--- Source material ---
§ §

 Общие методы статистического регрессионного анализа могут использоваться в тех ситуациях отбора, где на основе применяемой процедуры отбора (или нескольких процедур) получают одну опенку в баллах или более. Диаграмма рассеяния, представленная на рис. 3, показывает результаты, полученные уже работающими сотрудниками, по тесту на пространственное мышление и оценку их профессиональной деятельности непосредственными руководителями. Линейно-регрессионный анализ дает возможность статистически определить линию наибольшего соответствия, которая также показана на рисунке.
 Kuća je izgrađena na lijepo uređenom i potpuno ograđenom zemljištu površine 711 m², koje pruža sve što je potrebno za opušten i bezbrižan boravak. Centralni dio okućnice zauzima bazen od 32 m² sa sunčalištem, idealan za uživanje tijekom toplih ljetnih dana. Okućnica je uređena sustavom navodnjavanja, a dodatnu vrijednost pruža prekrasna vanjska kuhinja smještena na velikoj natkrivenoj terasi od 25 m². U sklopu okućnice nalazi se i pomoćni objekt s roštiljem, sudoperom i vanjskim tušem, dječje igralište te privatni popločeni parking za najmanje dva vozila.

§ §

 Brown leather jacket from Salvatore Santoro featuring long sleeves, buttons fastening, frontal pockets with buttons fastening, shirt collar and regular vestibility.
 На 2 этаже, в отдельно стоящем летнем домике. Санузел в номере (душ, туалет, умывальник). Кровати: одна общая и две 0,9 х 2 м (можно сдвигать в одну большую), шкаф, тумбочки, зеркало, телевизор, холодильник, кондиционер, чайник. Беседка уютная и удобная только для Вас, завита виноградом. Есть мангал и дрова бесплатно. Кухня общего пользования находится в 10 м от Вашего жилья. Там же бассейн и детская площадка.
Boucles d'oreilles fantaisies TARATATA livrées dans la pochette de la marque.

§ §

--- How to complete this task ---
Every line above from the line with "На 2 этаже, в" to the line with "Boucles d'oreilles fantaisies" is wanted, ends included; write them out exactly and add no other line.

--- Worked solution ---
 На 2 этаже, в отдельно стоящем летнем домике. Санузел в номере (душ, туалет, умывальник). Кровати: одна общая и две 0,9 х 2 м (можно сдвигать в одну большую), шкаф, тумбочки, зеркало, телевизор, холодильник, кондиционер, чайник. Беседка уютная и удобная только для Вас, завита виноградом. Есть мангал и дрова бесплатно. Кухня общего пользования находится в 10 м от Вашего жилья. Там же бассейн и детская площадка.
Boucles d'oreilles fantaisies TARATATA livrées dans la pochette de la marque.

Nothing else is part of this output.